Because the US Preventive Services Task Force (USPSTF) currently recommends the use of ASBIs in clinical practice, these services will be covered by most health insurance plans without copays through the Affordable Care Act.

Health professionals can implement ASBI "by developing support in medical practice using current guidelines, developing a plan and making it standard practice, training staff on how to deliver the service, and then testing and refining it," said Dr. Frieden.

Alcohol Addiction Under-recognized

The CDC reports that the federal government is currently working to increase screening and counseling for alcohol use at federally qualified health centers and now requires states to expand Medicaid to cover preventive services.

However, they note that despite public health efforts to increase ASBI, the finding that only 1 in 6 of the survey's participants had a health professional ever discuss alcohol behaviors with them "has changed very little in the past 15 years."

Dr. Frieden noted that issues of alcohol use and addiction have traditionally been under-recognized in the healthcare system. Reasons could include that clinicians are afraid they will not have time to deal with a positive answer, that they may be afraid of stigma, or that "they may think incorrectly that a patient is not willing to enter into a discussion of the issues."

"Doctors are busy and have lots of things to do. But we can build in screenings into routine registration and general background questions. It's quite important," he told Medscape Medical News.

"We're not saying that no one should drink. But new data we're releasing today show that the health system is not doing an effective job of finding out about problems," said Dr. Frieden. "So have a conversation with patients about their drinking patterns and ways to not cause any harm."

Major Health Problem

"I agree that this is a major public health problem ― and has been for a long time," John A. Renner, MD, member of the American Psychiatric Association's Council on Addiction Psychiatry, told Medscape Medical News when asked for comment.

Dr. John Renner

Dr. Renner, who is also a professor of psychiatry at Boston University School of Medicine in Massachusetts and director of the Addiction Psychiatry Fellowship at Boston University and at the VA Boston Health Care System, noted that healthcare has not traditionally done a very good job in either identifying these types of problems or intervening when needed.

"From my perspective, I would suspect that physicians every day see 2 or 3 or more people with an alcohol problem. The research suggests that most of the time it's missed. And even when it's fairly obvious, most physicians don't feel comfortable with how they should handle it. So they sometimes ignore it or don't handle it as effectively as they'd like."

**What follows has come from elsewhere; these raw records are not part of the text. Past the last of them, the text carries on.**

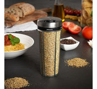 De kruidendispenser is gemaakt van roestvrij staal en glas. Het product heeft een lengte van 19 cm.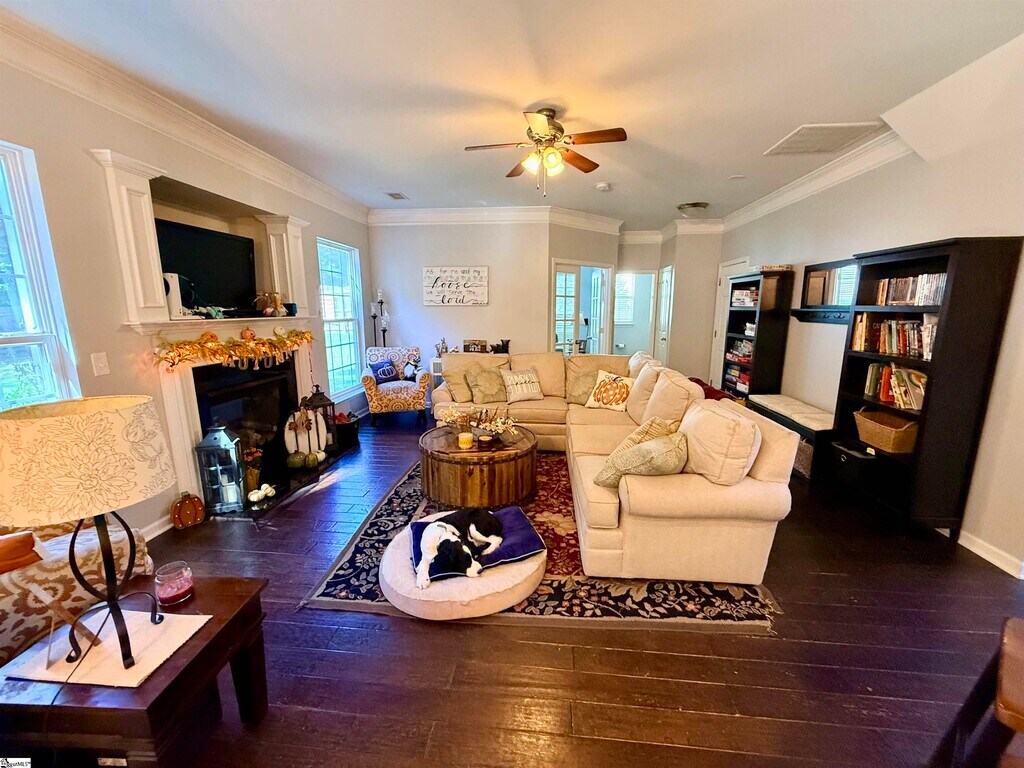 Wonderful 4 BR/2.5 bath home conveniently located to Woodruff Road corridor for shopping, sports club, restaurants, and more. Also located in Bells Crossing Elementary district! This home features an open floor plan, 2-story foyer, formal dining room, all stainless steel appliances, gas burning fireplace, breakfast nook which leads to the backyard, and all bedrooms located upstairs. Great office or study area off of living room area with french doors. Hardwood floors throughout on main level. Large private master suite with double doors leading into master bath with a garden tub, separate shower and a walk in closet. Backyard is private and completely fenced in. Neighborhood features a community pool, some sidewalks, and lighting. Call to schedule your showing before its gone!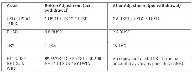 Dans sa première proposition, Binance a dévoilé les ajustements suivants concernant les prix de retraits sur Tron.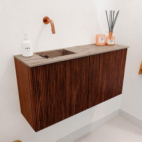 Ce meuble se distingue immédiatement par son apparence raffinée. La couleur Ruby profonde du chêne massif apporte chaleur et caractère à votre salle de bains. Les rainures verticales du meuble ajoutent un détail subtil et moderne qui rend le design encore plus élégant. La vasque dans la douce couleur Arena forme un magnifique contraste et ajoute une touche de fraîcheur. Vous obtenez ainsi un meuble qui n'est pas seulement fonctionnel, mais aussi un véritable élément décoratif qui donne à votre salle de bains une allure exclusive.

He suggested that reasons for this include that "historically, this is not something that has been very well taught in medical schools" or in most residencies and that many clinicians have been concerned about coverage.

However, with the Affordable Care Act, "we'll finally have a situation where insurance will be required to cover these services and physicians can be reimbursed. But this has been a long time coming," said Dr. Renner.

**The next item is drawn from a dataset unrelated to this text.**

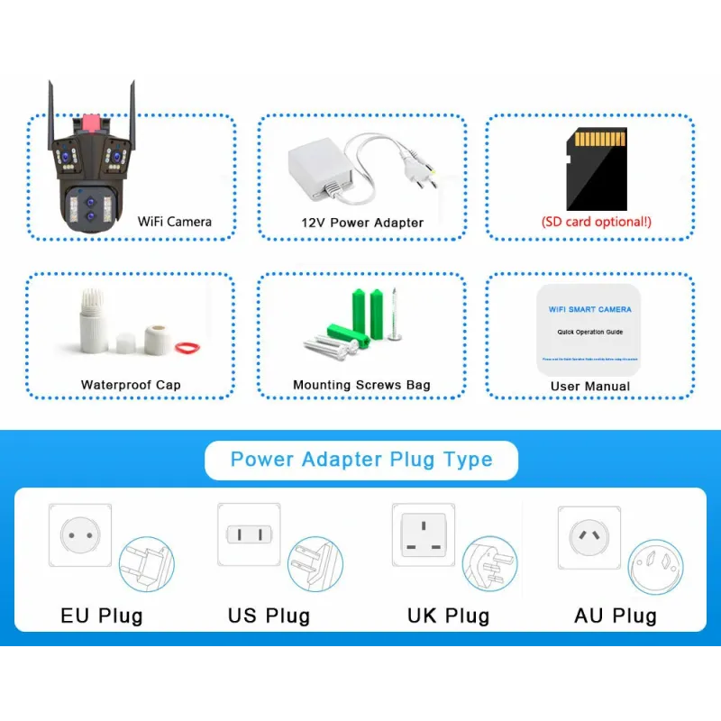 US Plug 12V Power Adapter for 8K HD 16MP 10X Zoom WiFi IP Camera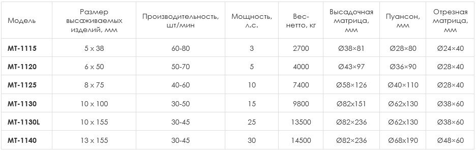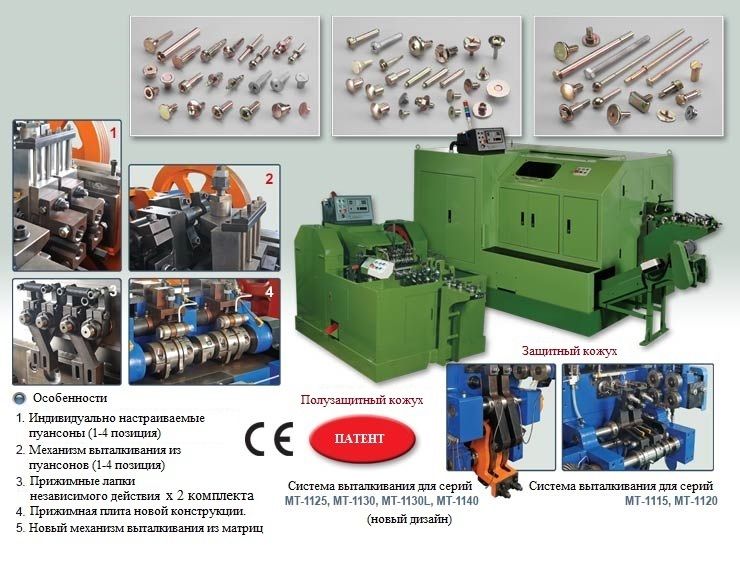 - 2-x позиционные, 4-х ударные холодновысадочные станки серии МТ способны высаживать детали различной сложности: от винтов и заклепок до шестигранных и фланцевых болтов и валов.

As for getting the additional training needed to make ASBIs part of routine practice, he suggested that getting reimbursement for these services will give added incentive to reluctant clinicians.

The National Institute on Alcohol Abuse and Alcoholism (NIAAA) has issued evidence-based clinician guidelines and training materials regarding ASBIs, which are available on their Web site. In addition, the CDC recommends the online Guide to Community Preventive Services (Community Guide), which lists several recommended policies and interventions to prevent the practice of drinking too much.

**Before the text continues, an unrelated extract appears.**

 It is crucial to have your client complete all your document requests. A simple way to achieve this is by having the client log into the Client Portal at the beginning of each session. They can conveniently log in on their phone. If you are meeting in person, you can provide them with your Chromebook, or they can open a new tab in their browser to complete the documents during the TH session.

"Nobody's talking about prohibition. But they are saying that there are risky, unhealthy ways to drink, and people need to be educated that that can be dangerous," said Dr. Renner.

"For clinicians, everyone is feeling overburdened, and there are far too many requirements and demands than people actually have the time for. But this is a major health problem in the United States. The costs to the system and to individuals are tremendous, but the long-term payoff, if we can be effective, is great."

The full report is available online on the CDC's Web site.